Down to Earth IFIs Update

No. 35, November/December 2003

Disbursement of IMF Loan

The IMF has completed its tenth review of the implementation of Indonesia's economic reform programme and has agreed the disbursement of a US$ 493 loan under the Extended Fund Facility (EFF). Now the government must complete another programme which will be followed by the final tranche of the loan and that will end the collaboration between Indonesia and the IMF in December 2003.

On 15 September 2003, the Bank of Indonesia and the government issued a press statement about the post IMF option that was eventually chosen. This was the Post Programme Monitoring option (PPM) over a period of 18 months, which is in fact a continuation of the IMF programme. Although it was said that the Indonesian government would be able to draft its own economic policies, in reality, Indonesia is still under the supervision of the IMF. Except that this time the supervision is "softer" because it is in the form of dialogue and not loan disbursement conditions. The choice was referred to in a White Paper that was legalized by Presidential Instruction (Inpres) No.5/2003. (See also Factsheet 30 on Indonesia's post IMF options,)

Anne Krueger, Deputy Executive Director of the IMF, stated that the IMF was pleased with Indonesia's decision to no longer request exceptional or emergency loans from the IMF after the end of the final programme.
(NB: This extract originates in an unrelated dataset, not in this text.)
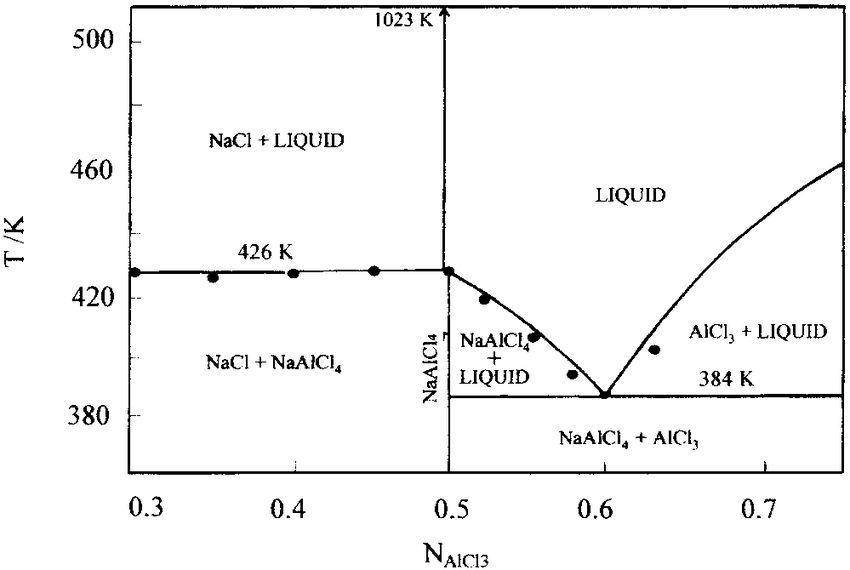 Что получается в результате? В интервале температур между 190 и 223 градусами по Цельсию смесь хлоридов натрия и алюминия будет жидкой в диапазоне соотношений от 1:1 до и 1:3. Просто замечательно! Получается, засыплю я втрое больше молей алюминиевой соли, чем натриевой, и могу спокойно электролиз запускать. Безо всякой мороки с металлическим натрием.

However, Indonesia may still receive IMF support during the time that the programme is still running as well as extend policy dialogue with the IMF within the framework of the PPM.
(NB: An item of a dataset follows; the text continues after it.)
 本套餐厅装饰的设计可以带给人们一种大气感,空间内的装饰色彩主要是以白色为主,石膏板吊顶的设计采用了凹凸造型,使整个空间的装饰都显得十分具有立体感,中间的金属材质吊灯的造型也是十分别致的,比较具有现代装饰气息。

The PPM choice was made in the name of maintaining investor confidence. Indonesia is able to pay off its debt in instalments, but may no longer request debt rescheduling via the Paris Club. This is of some concern because it may influence the availability of future budget funds bearing in mind that increased investment demands guaranteed social and political stability. Even if macro economic "stability" has been attained over the last few months, the government must still act with caution in the lead up to the 2004 General Election.

The government's post IMF plan and target log frame may be viewed at:
Jakarta Post 16/09, 09/10
Kompas 10/10

The World Bank: US$ 243 million for development projects

On 1 October 2003 in Jakarta, an agreement was signed between the GOI, represented by the Finance Minister, Boediono, and the World Bank, represented by the Head of the Bank Representation in Indonesia, Andrew Steer, to borrow a total of US$ 242.6 million. The funds will be used to pay for development projects in the health and electricity sectors. Of all the costs, 70 percent will be in the form of IBRD soft loans (with interest of 2.5 percent paid over a period of 20years) and 30 percent paid for by very soft IDA credit (no interest, payment over 35 years - for more about the IDA, see IFI Factsheet No.1 February 2000,).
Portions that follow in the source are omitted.